Only the lines below from the one that contains "The Create Notification" through the one that contains "Baoxin Fanrui BOSFRU" should appear in your answer, exact and without pictures.

— Provided data —
====================

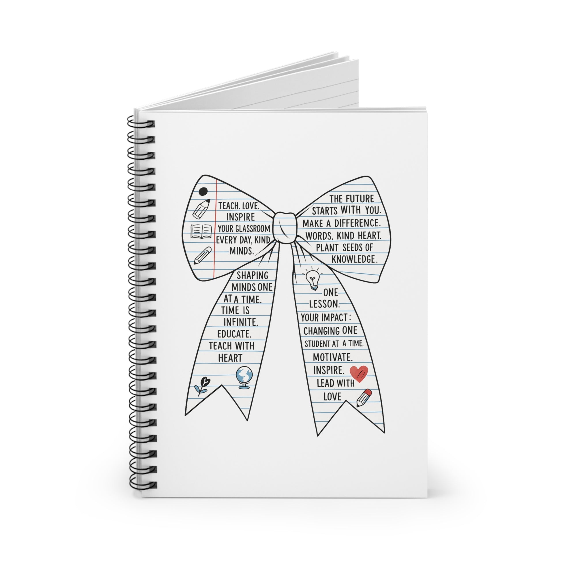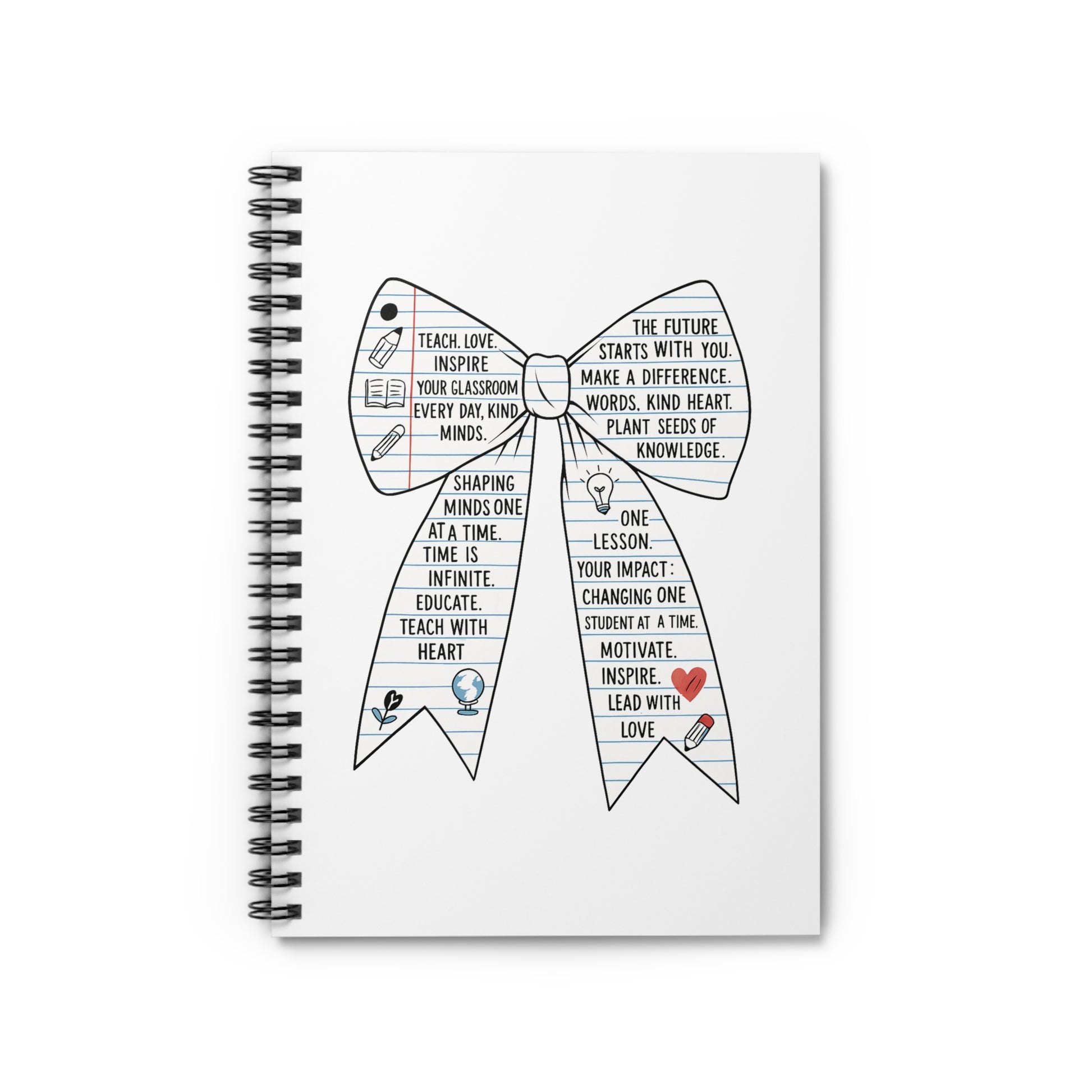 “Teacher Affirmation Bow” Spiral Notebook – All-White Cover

====================

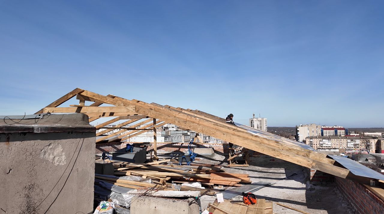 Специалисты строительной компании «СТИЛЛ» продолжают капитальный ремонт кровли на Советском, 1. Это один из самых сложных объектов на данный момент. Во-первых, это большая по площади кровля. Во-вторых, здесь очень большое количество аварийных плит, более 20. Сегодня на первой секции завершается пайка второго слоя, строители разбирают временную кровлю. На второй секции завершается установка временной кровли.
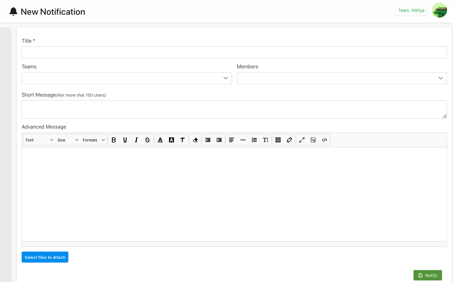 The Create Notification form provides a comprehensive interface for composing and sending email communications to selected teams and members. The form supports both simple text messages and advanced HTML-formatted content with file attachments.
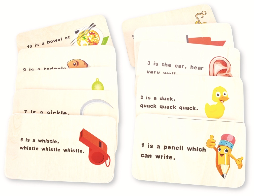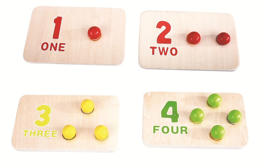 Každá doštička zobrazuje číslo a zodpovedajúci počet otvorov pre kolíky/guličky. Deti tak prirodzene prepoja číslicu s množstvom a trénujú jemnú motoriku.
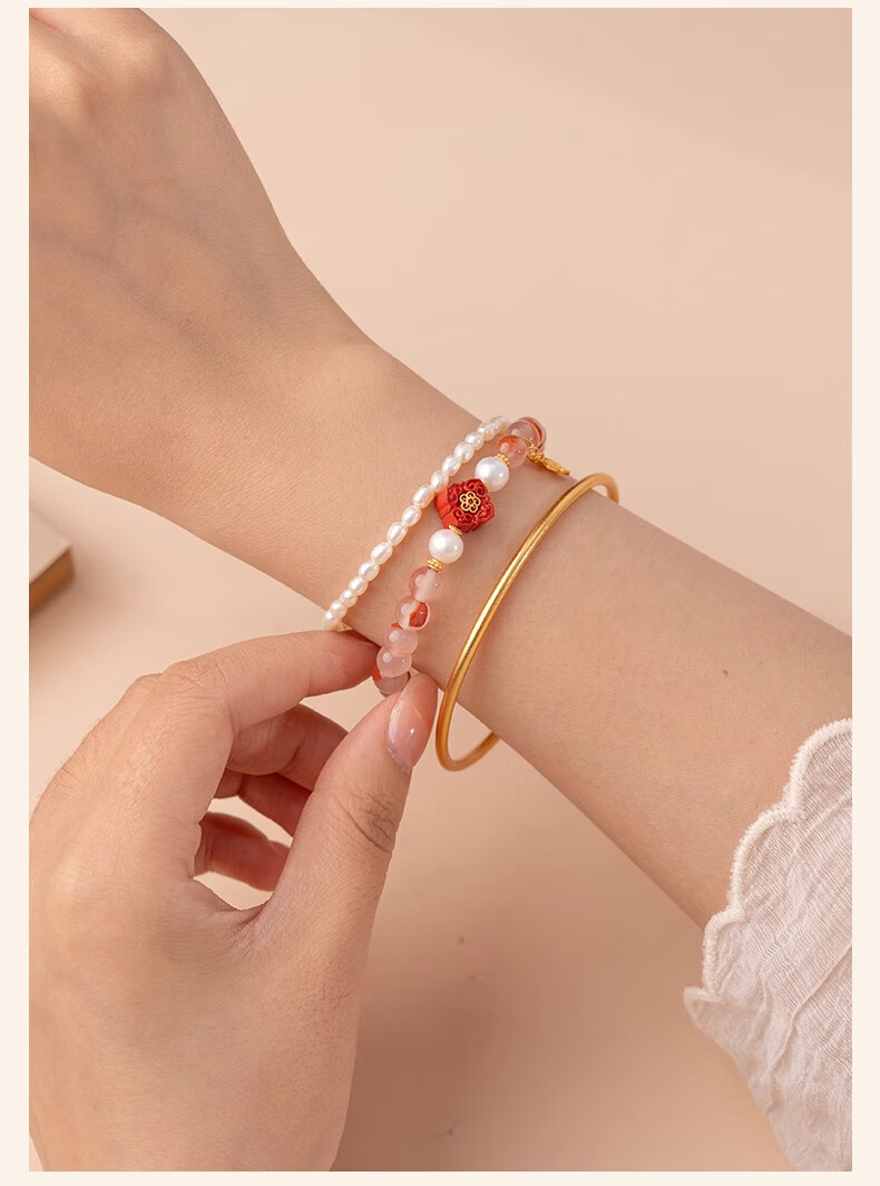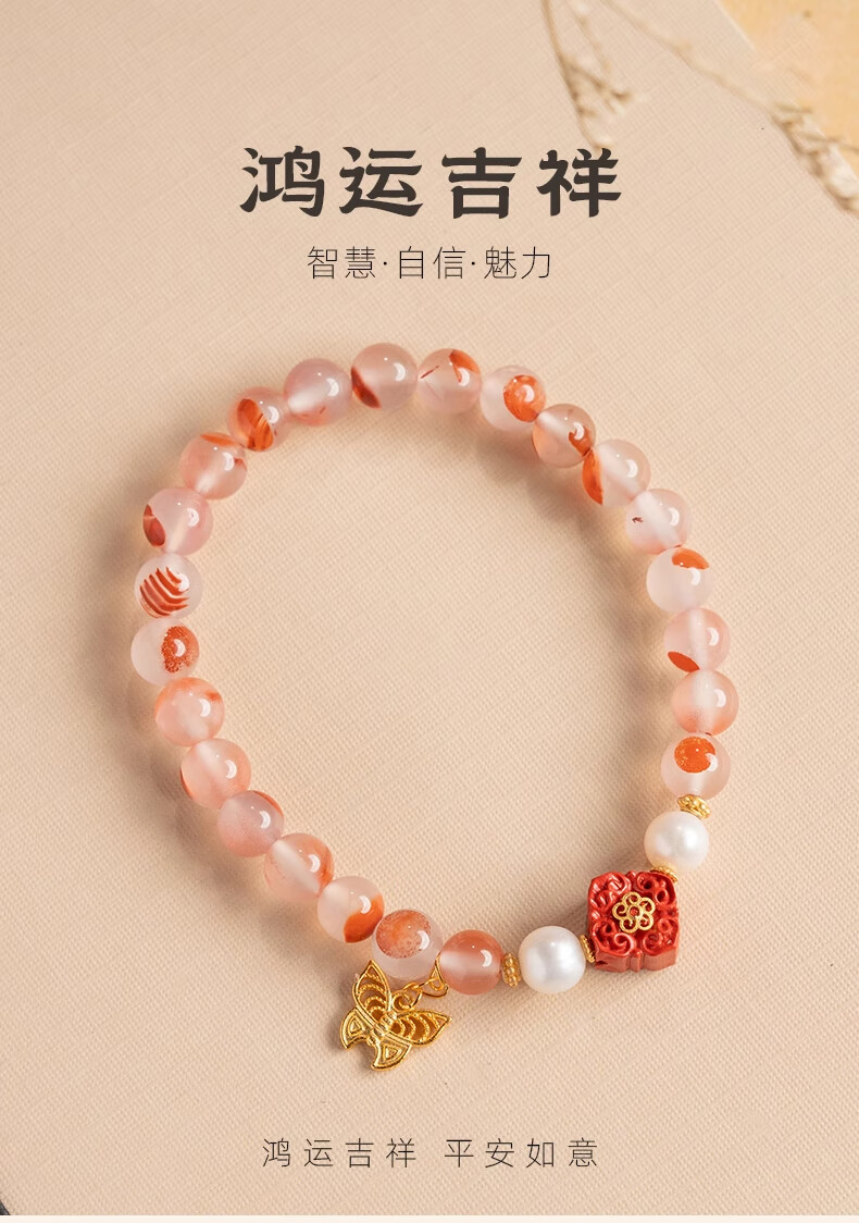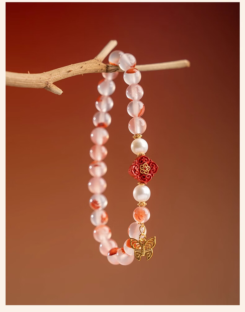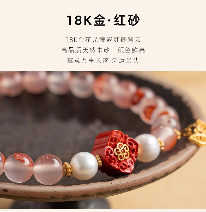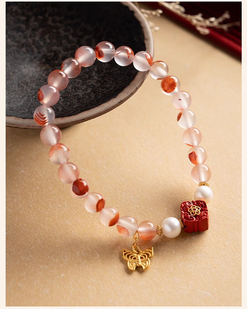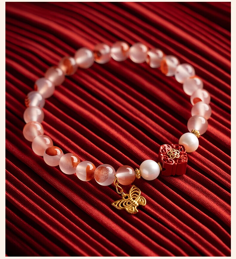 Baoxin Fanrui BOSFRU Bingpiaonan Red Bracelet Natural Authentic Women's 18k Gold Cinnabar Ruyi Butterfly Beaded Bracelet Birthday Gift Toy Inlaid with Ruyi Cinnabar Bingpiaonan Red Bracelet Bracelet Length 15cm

====================

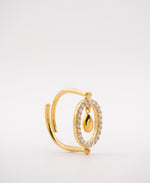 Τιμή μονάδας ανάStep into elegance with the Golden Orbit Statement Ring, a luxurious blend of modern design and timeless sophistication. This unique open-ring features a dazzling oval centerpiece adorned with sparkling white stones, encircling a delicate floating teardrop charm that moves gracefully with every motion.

====================

— Answer section —
 The Create Notification form provides a comprehensive interface for composing and sending email communications to selected teams and members. The form supports both simple text messages and advanced HTML-formatted content with file attachments.
 Každá doštička zobrazuje číslo a zodpovedajúci počet otvorov pre kolíky/guličky. Deti tak prirodzene prepoja číslicu s množstvom a trénujú jemnú motoriku.
 Baoxin Fanrui BOSFRU Bingpiaonan Red Bracelet Natural Authentic Women's 18k Gold Cinnabar Ruyi Butterfly Beaded Bracelet Birthday Gift Toy Inlaid with Ruyi Cinnabar Bingpiaonan Red Bracelet Bracelet Length 15cm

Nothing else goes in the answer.